The poem at the heart of Winterset Hollow is something I could imagine published on its own, and I could understand how the fictional characters might have cherished its captivating story.
It’s the larger narrative, beautifully written and complete with its damning subtext of the evils associated with colonization and Westward expansion in early America that I adore, though. It’s so well-written and ingenious in its acknowledgment that Manifest Destiny and the American Dream were constructed on a substrate of nightmares levied against all those unfortunate enough to be in the path.
The audiobook narrated by Jonathan Edward Durham himself was a spectacular way to experience this story, and he managed to capture both the tarnished innocence of Eamon and the bitterness combined with the sadness of the residents of Addington Isle.
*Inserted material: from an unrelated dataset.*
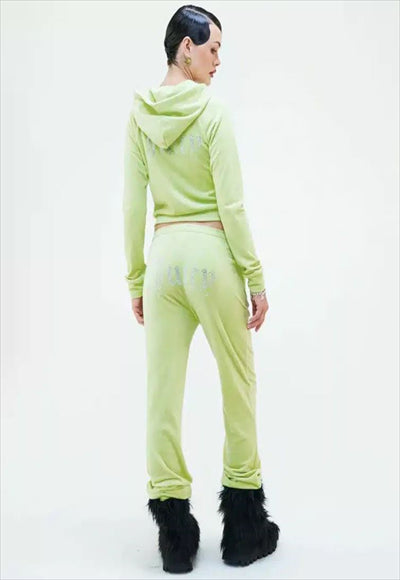 Classic plush butterfly diamond embellished hoodie. Slim zip-up style with hood, front pockets, and diamond crystal brand logo on the back. This jacket is finished with a silver gothic J-zip. Pair with matching bottoms for a statement tracksuit from Juicy Couture

Kagen the Damned by Jonathan Maberry, Narrated by Ray Porter

Jonathan Maberry brings his fast-paced, high-intensity blend of grit, well-drawn characters, action, and wry humor to the realm of fantasy literature with one hell of a splash. Kagen the Damned is everything readers have loved about the Joe Ledger and Pine Deep novels but transferred to a world of swords and sorcery, complete with an homage to Chambers, Lovecraft, Bloch, and Derleth.
Kagen Vale is a broken man, devastated and demoralized by his failure to protect the imperial family he’d been charged with protecting. Possibly the last surviving member of the Vale family, Kagen is driven solely by his need for revenge, forced to wander alone as the gods he’d worshipped have abandoned him. Walking a tightrope between drunkenness and violence, Kagen is hunted by those he hunts, and unless he can find some allies in his quest for vengeance, he’s doomed to fail.
As long-forbidden magic and old gods return to the realm of the Silver Empire, the world Kagen was familiar with becomes increasingly strange and threatening, as an unexpected enemy with enigmatic and sinister plans seeks to take a throne that Kagen will die to defend.
Fans of Richard K. Morgan and George R.R. Martin are sure to love Maberry’s foray into horror-tinged fantasy, but there’s nothing not to love about this introduction to a must-read trilogy.
Ray Porter perfectly captures the character of Kagen in his narration, while bringing the cast of additional characters to life with a blend of accents that are at times both familiar and alien to the listener. Porter was quite likely the best possible choice for the audiobook narration of this novel, and I trust that he’s contracted to provide his services for the remaining two books as well.

Last Day by Todd Love

Todd Love finds a new way to surprise his readers, both in the pure dialogue construction of this narrative and in the shockingly sad twist revealed at the conclusion. But this isn’t one of those twists shoehorned in for the sake of taking the reader by surprise, the hints are there throughout the story, if only we knew to pay attention.
A conversation takes place between two old friends as a former detective, Lloyd Andrews, evaluates his life and the mistakes he’s made. Reflecting on the events that transpired when he successfully ended the killing spree of The Barrhaven Cannibal, he needs to unburden himself to the only person he knows will understand.
If you’re looking for something different, I can assure you that Last Day should make your list. I can imagine this performed on a stage, a contrast between stark shadows and light, and I’d love to see that happen. Imagine it for yourself when you check out Last Day.